8°) Il fallimento economico degli Usa, che sta travolgendo anche l’Europa, può essere sanato come diceva Keynes mediante la conflagrazione di una guerra mondiale, che faccia vendere armi all’America, faccia indebitare i co-belligeranti (come successe alla GB di Churchill) e strozzi usuraiamente i perdenti.

●Siamo giunti alla soglia di una terza guerra mondiale? Temo di sì.

d. CURZIO NITOGLIA
27 agosto 2011

Note:

[1] La Cirenaica con Bengasi è un focolaio di estremisti musulmani (La Libia un avvenire incerto, http://www.cf2r.org; http://www.ciret-avt.com, p. 13).

[2] Israele sarà riconosciuta dai ribelli del CNT (Comitato Nazionale Transitorio).

[3] La stampa di “regime democratico” non ci dice che in Libia lavorano circa tre milioni di immigrati (Ibidem, p. 9).

[4] Nel 2009 i servizi segreti libici hanno cooperato contro il terrorismo qaidista assieme alla Cia (Ib., p. 11). Inoltre durante la “rivoluzione” attuale numerose unità della Cia sono state paracadutate il Libia per istruire gli “insorti” (Ib., p. 30).

[5] La Francia ha inviato molti cannoni da 105 mm e batterie antiaeree ai ribelli di Bengasi (Ib., p. 31).

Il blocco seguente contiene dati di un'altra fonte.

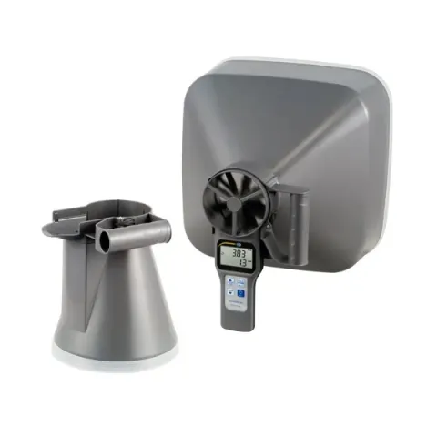 PCE-VA 20-SET is a environmental tester with capture hoods for assessing and balancing heating, ventilation and air conditioning or cooling (HVAC) systems. In addition to measuring air flow velocity (i.e., wind speed), this environmental tester measures volume flow, relative humidity (RH), air temperature, dew point temperature and wet-bulb temperature. This environmental tester features a 10 cm / 3.9" Ø fan impeller, easy-to-read backlit LCD, and functions such as display hold, average value, maximum value, minimum value, battery-saving automatic power off, low-battery indicator, and metric or imperial unit selection.

[6] Idem con l’Mi-5 e l’Mi-6 britannici, cercando di infiltrare agenti del controspionaggio negli ambienti islamici radicali di Londra (ivi). Circa una quindicina di membri del Secret Intelligence Service  (SIS) sono stati inviati recentemente in Cirenaica (Ib., p. 31).

[7] L’Italia avrebbe fornito istruttori militari ai rivoltosi ed aerei bombardieri alla Nato.

[8] John Maynard Keynes (1883-1946) economista inglese, che addolcì il liberalismo puro, ammettendo un certo intervento dello Stato nelle materie economiche.